Hello All, I posted a question in the Help section and it was suggested I swing down here. My original post is here Anyway, my TCD24008A was working great when put away three years go. Now it will shut off while trying to boot after 3-5 mins. I bought a TCD540080 thinking it was the power supply, but after a swap it was still the same. Swapping the HDD's didnt really solve much as the two are not interchangeable, from what I understand. I ran the mfg tools on the HDD and it checked out ok. Could the image go bad sitting in a closet somehow? Any suggestions on where to go next? I really want to get this thing running again....

Thanks!
Dave


----------



## HomeUser (Jan 12, 2003)

You just need to re-program the remote.

After it "Shuts off" press both the TiVo and Pause buttons on your remote and hold for about 5 seconds until the transmit light comes on release then press the number '0' now your DVR should come to life if you press TiVo or Live TV.

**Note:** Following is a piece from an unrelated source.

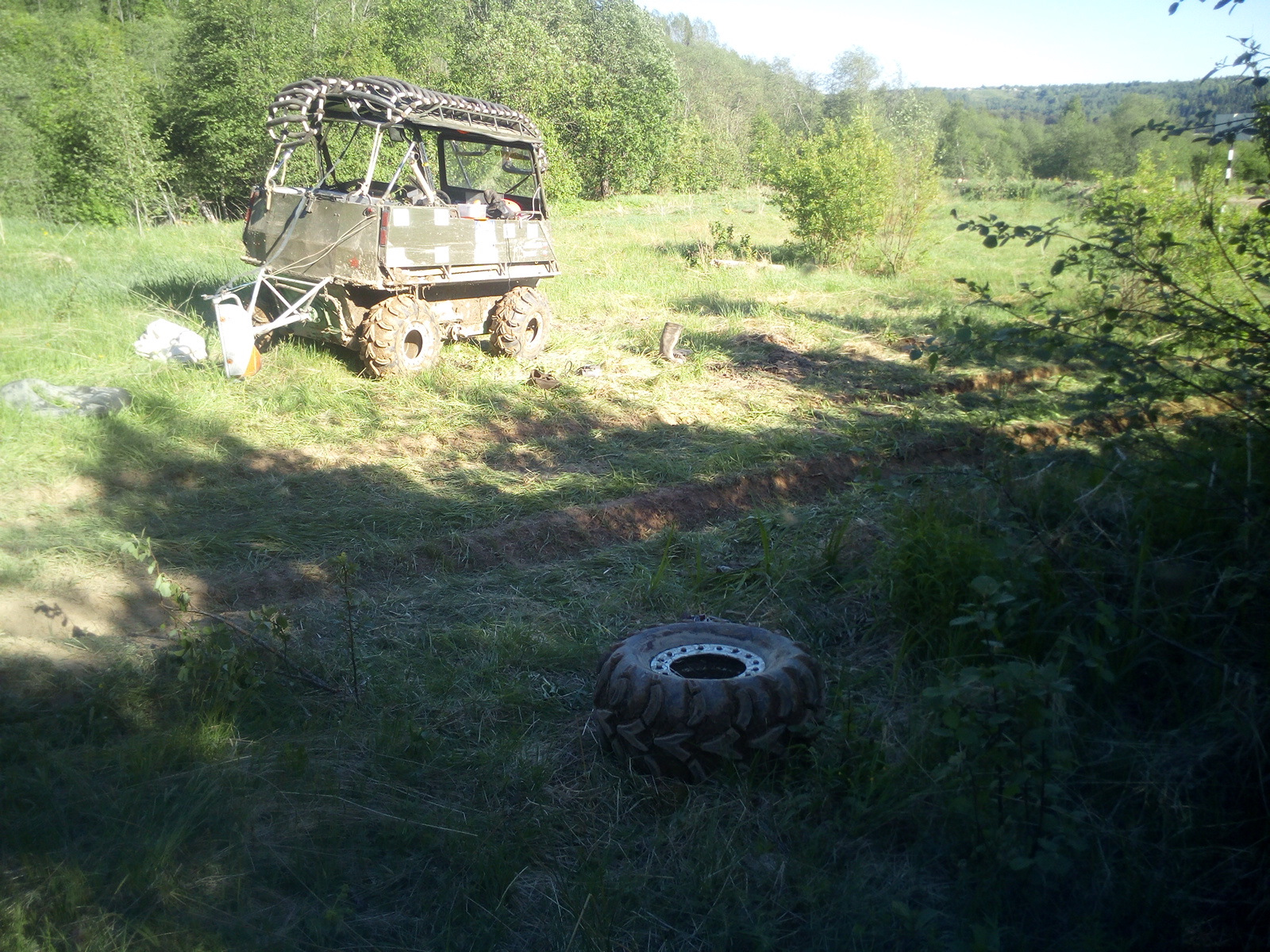 , Поглядели как машины выбираются обратно, как пионер прошел по болоту и скрылся в лесу и прикинув что шансов проехать еще 40 км этой колее для нас просто нет, а сидеть пару дней в лесу совсем не хотелось, скоординировали техничку на перехват, поехали к ней обратной дорогой . На одной из гор резанули колесо о камень острый, а второе погнули диск. На полянке я поменял камеру.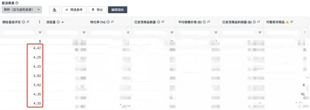 若表格中未显示「原始星级评定」列,点击页面右上角「编辑指标」。在添加指标页面勾选该选项并保存,就能看到商品完整小数位的原始评分。

Controlling two TiVo DVRs with one remote


----------



## deeve (Oct 9, 2006)

So, when it just shuts off the HDD is fine, but the remote needs to be reprogrammed? Hmm....I'll give it shot.

Dave


----------



## deeve (Oct 9, 2006)

Ahh...you got me all excited, but it didnt work. It still goes to a black screen with the green light on for about 60 seconds before it goes to sleep and will not come back on. Is there a way to check the image or another avenue for it? I was thinking of somehow being able to re-image that drive.

Dave


----------



## HomeUser (Jan 12, 2003)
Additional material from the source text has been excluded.